- [Assignment] Output the records precisely as they stand. Pictures are to be skipped.

- [Data records]
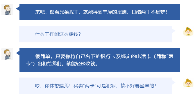 面对以上诱惑,我们是否能清醒的说“不”?近年来,信息网络诈骗犯罪屡禁不止,特别是不少在校学生被蛊惑利用向不法人员提供个人“两卡”,成为信息网络诈骗犯罪活动的“工具人”,造成难以弥补的恶劣后果。
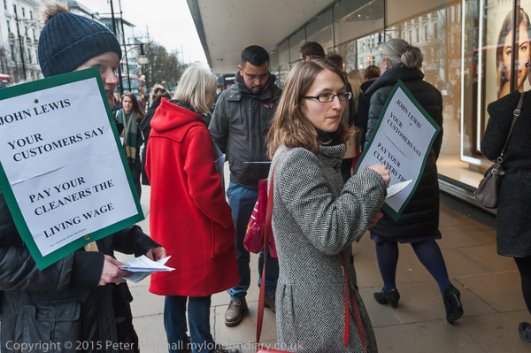 John Lewis customers were protesting to support the cleaners who are campaigning for a living wage
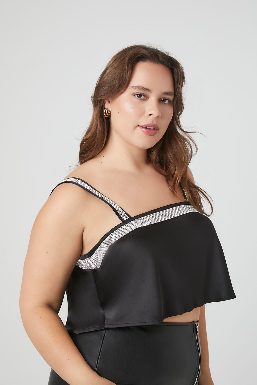 Forever 21+ – A satin tank top featuring rhinestone trim. a square-cut neckline and back. shoulder straps. and cropped hem.
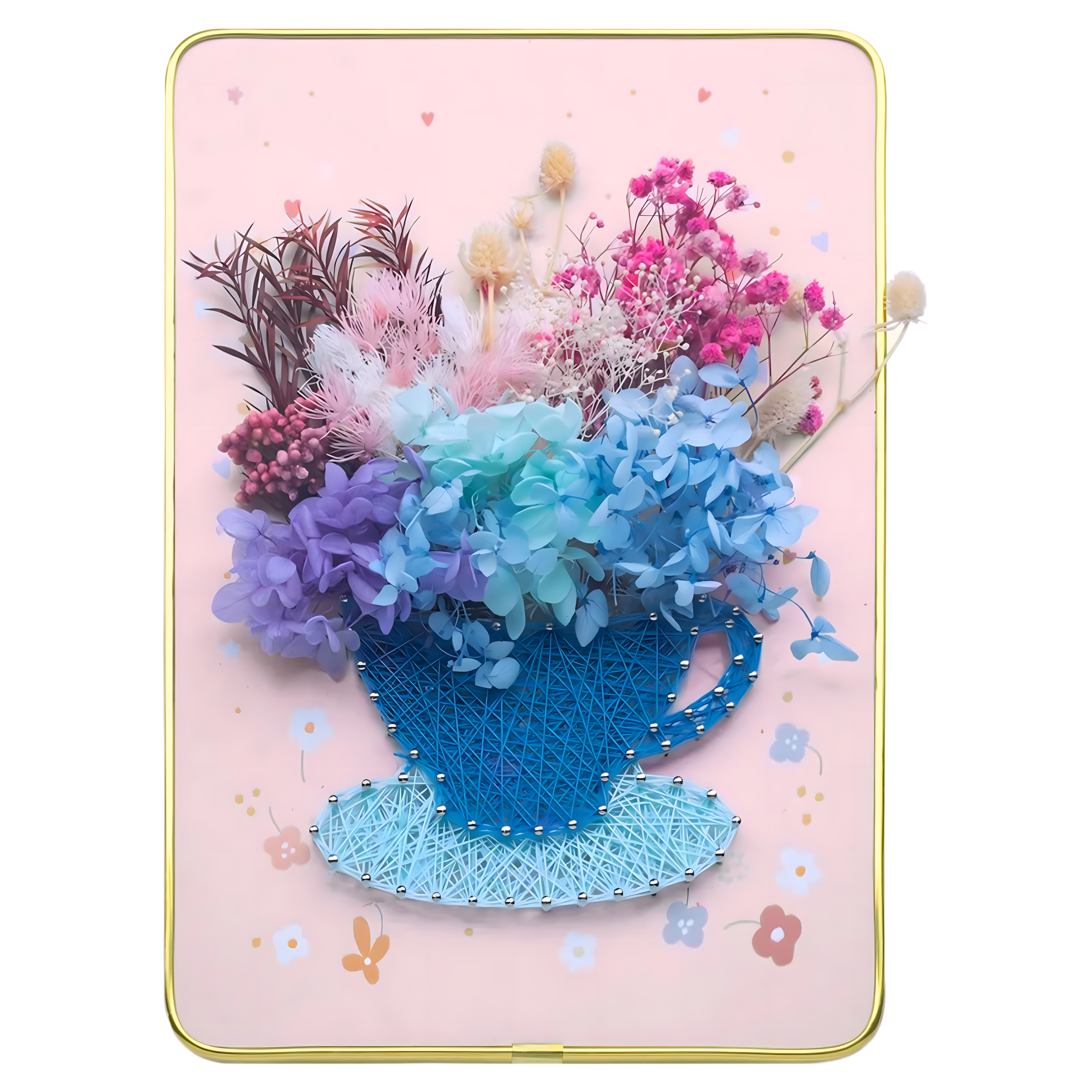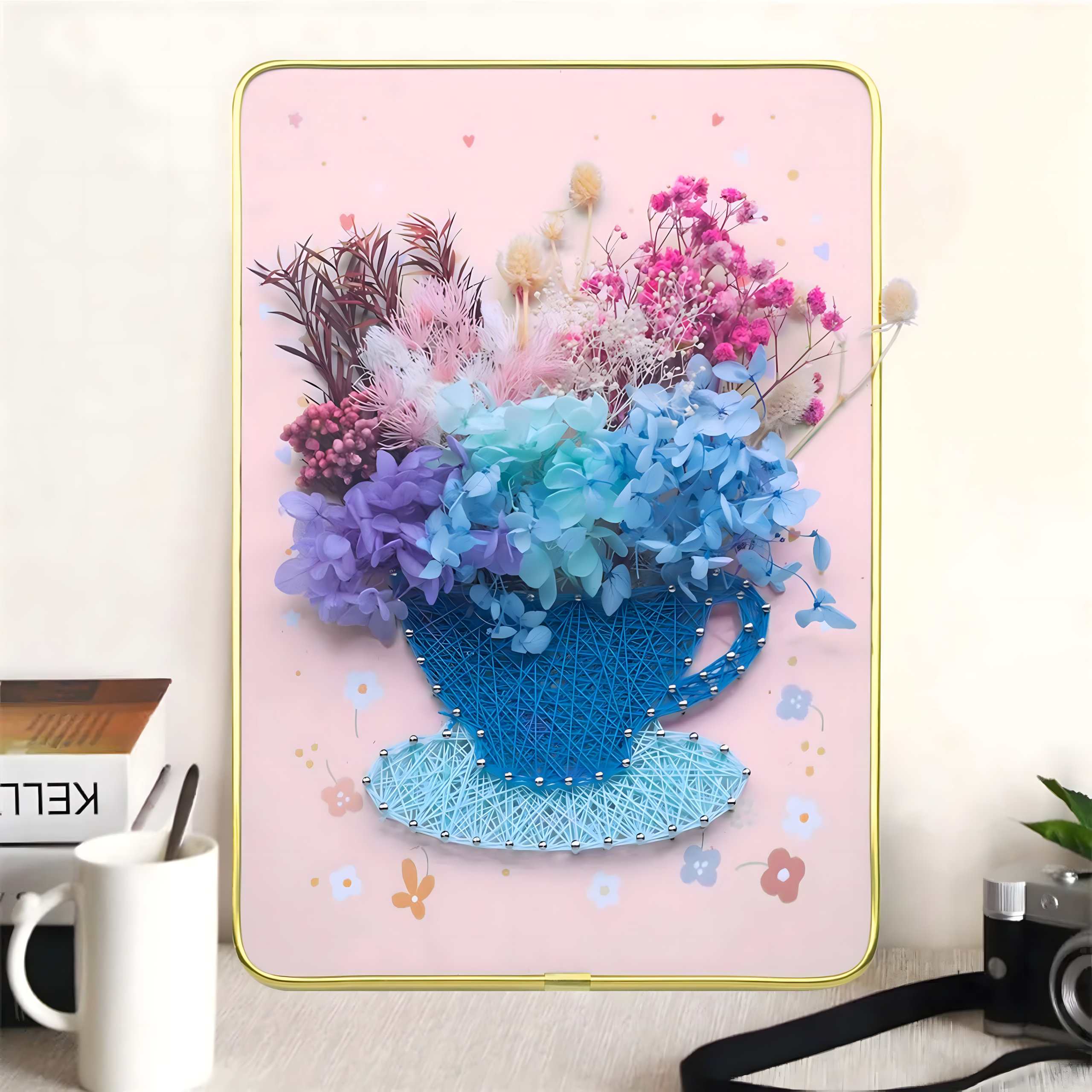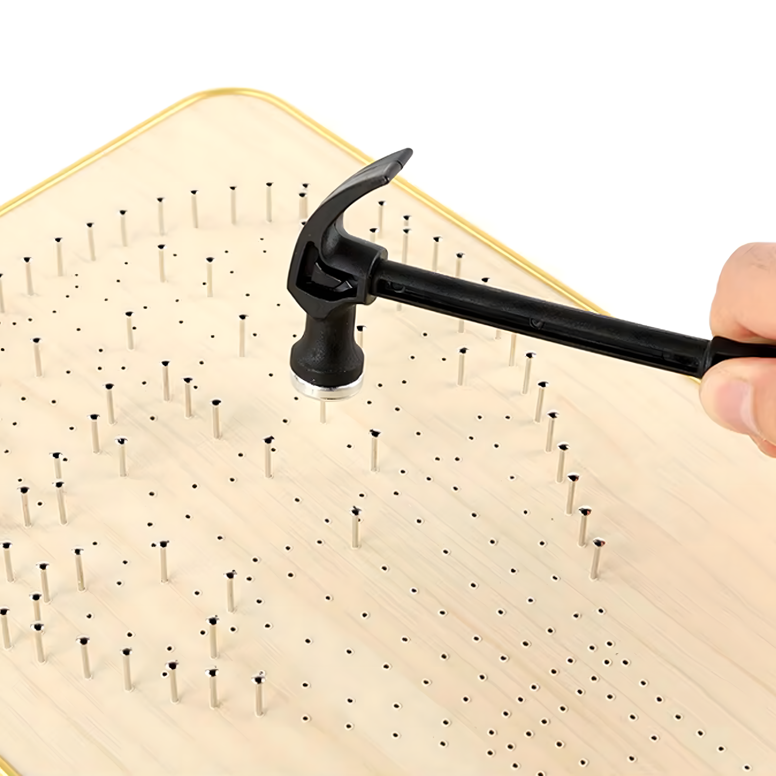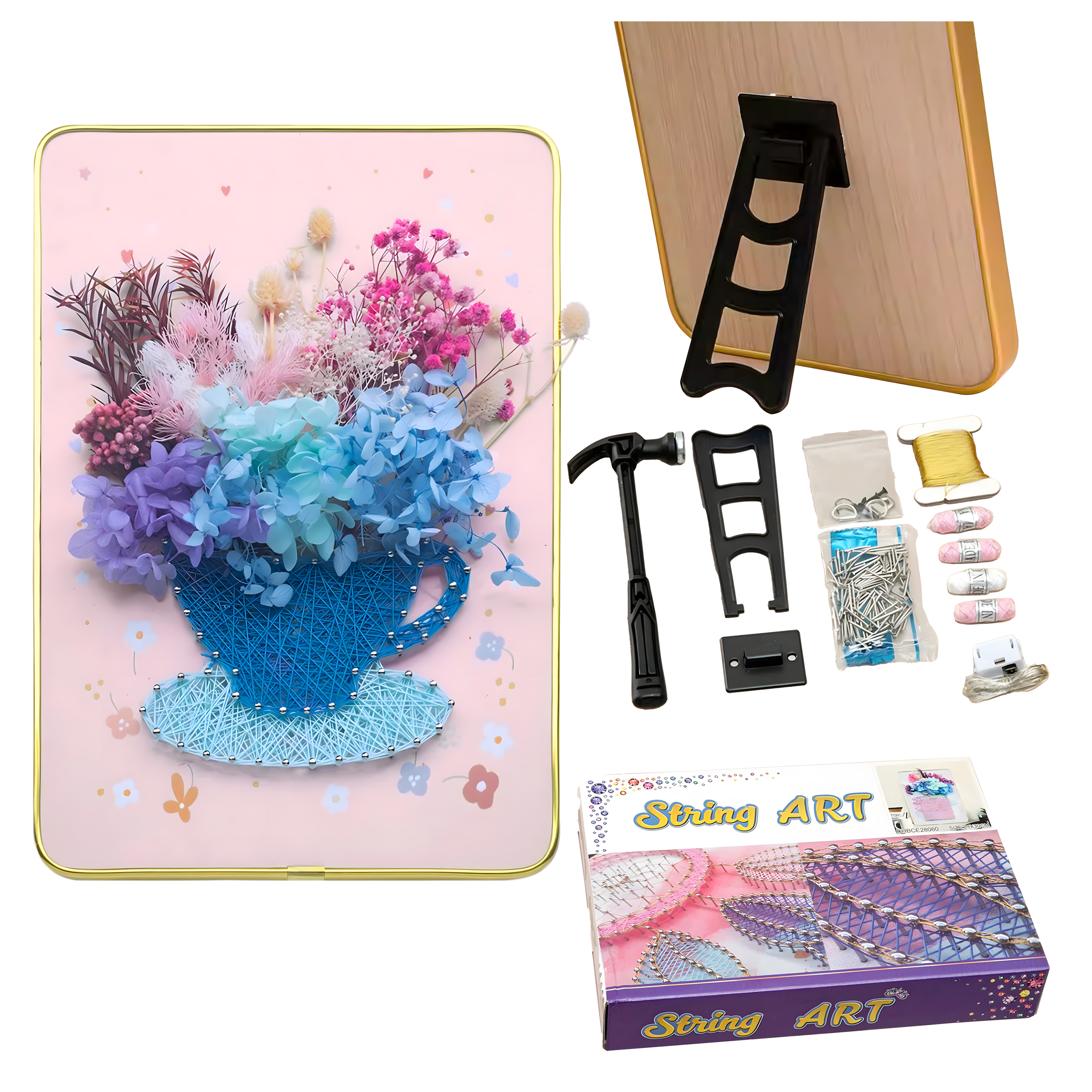 Proces tworzenia polega na wbijaniu małych gwoździ w drewniane podłoże zgodnie z wybranym wzorem, a następnie owijaniu wokół nich nici lub sznurka. Powstające na powierzchni obrazki charakteryzują się trójwymiarowym efektem i unikalnym wzornictwem. Gotowe prace można zawiesić na ścianie lub ustawić na półce, korzystając z dołączonej podpórki.
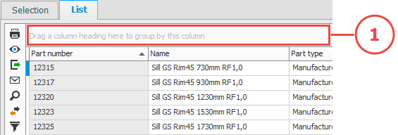 Am oberen Rand aller Listen befindet sich ein interaktiver Gruppierungskopf (1). Um die Liste zu gruppieren, ziehen Sie mit dem Mauszeiger eine Spaltenüberschrift aus der Liste und legen sie in der Gruppierungsüberschrift ab. Sie können in mehreren Ebenen gruppieren, indem Sie mehrere Spaltenüberschriften in die Gruppierungsüberschrift ziehen. Umgekehrt können Sie eine Gruppierung auch entfernen, indem Sie eine Spaltenüberschrift aus der Gruppierungsüberschrift ziehen und zwischen zwei anderen Spaltenüberschriften in der Liste ablegen. Dann wird diese Spalte zurück in die Liste verschoben.
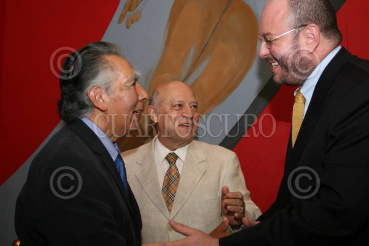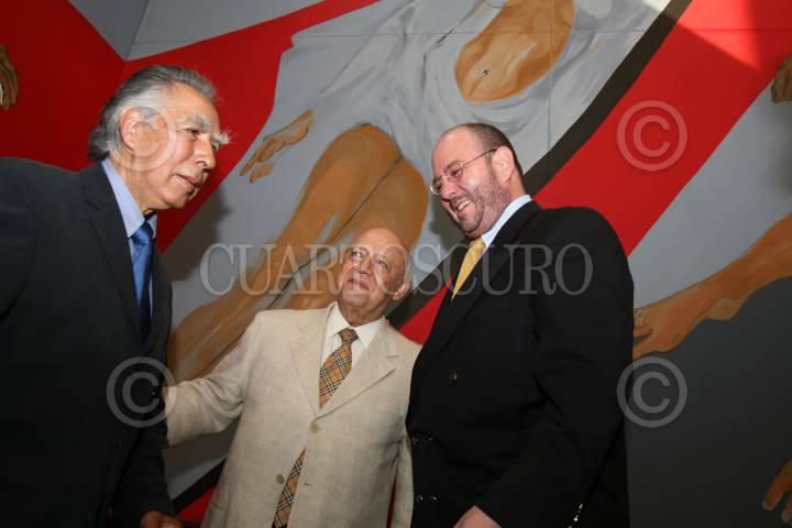 MÉXICO D.F., 15JULIO2008.-En las instalaciones de la Suprema Corte de Justicia de la Nación (SCJN), en ceremonia solemne se realizo la inauguración del nuevo mural que lleva como titulo “La Justicia Supremo Poder” del muralista Leopoldo Flores, quien asistió a la inauguración.En la imagen es acompañado por el ministro Guillermo Ortiz Mayagoitia y por Sergio Vela presidente de CONACULTA. FOTO: GUILLERMO PEREA/CUARTOSCURO.COM

- [Task answer]
 面对以上诱惑,我们是否能清醒的说“不”?近年来,信息网络诈骗犯罪屡禁不止,特别是不少在校学生被蛊惑利用向不法人员提供个人“两卡”,成为信息网络诈骗犯罪活动的“工具人”,造成难以弥补的恶劣后果。
 John Lewis customers were protesting to support the cleaners who are campaigning for a living wage
 Forever 21+ – A satin tank top featuring rhinestone trim. a square-cut neckline and back. shoulder straps. and cropped hem.
 Proces tworzenia polega na wbijaniu małych gwoździ w drewniane podłoże zgodnie z wybranym wzorem, a następnie owijaniu wokół nich nici lub sznurka. Powstające na powierzchni obrazki charakteryzują się trójwymiarowym efektem i unikalnym wzornictwem. Gotowe prace można zawiesić na ścianie lub ustawić na półce, korzystając z dołączonej podpórki.
 Am oberen Rand aller Listen befindet sich ein interaktiver Gruppierungskopf (1). Um die Liste zu gruppieren, ziehen Sie mit dem Mauszeiger eine Spaltenüberschrift aus der Liste und legen sie in der Gruppierungsüberschrift ab. Sie können in mehreren Ebenen gruppieren, indem Sie mehrere Spaltenüberschriften in die Gruppierungsüberschrift ziehen. Umgekehrt können Sie eine Gruppierung auch entfernen, indem Sie eine Spaltenüberschrift aus der Gruppierungsüberschrift ziehen und zwischen zwei anderen Spaltenüberschriften in der Liste ablegen. Dann wird diese Spalte zurück in die Liste verschoben.
 MÉXICO D.F., 15JULIO2008.-En las instalaciones de la Suprema Corte de Justicia de la Nación (SCJN), en ceremonia solemne se realizo la inauguración del nuevo mural que lleva como titulo “La Justicia Supremo Poder” del muralista Leopoldo Flores, quien asistió a la inauguración.En la imagen es acompañado por el ministro Guillermo Ortiz Mayagoitia y por Sergio Vela presidente de CONACULTA. FOTO: GUILLERMO PEREA/CUARTOSCURO.COM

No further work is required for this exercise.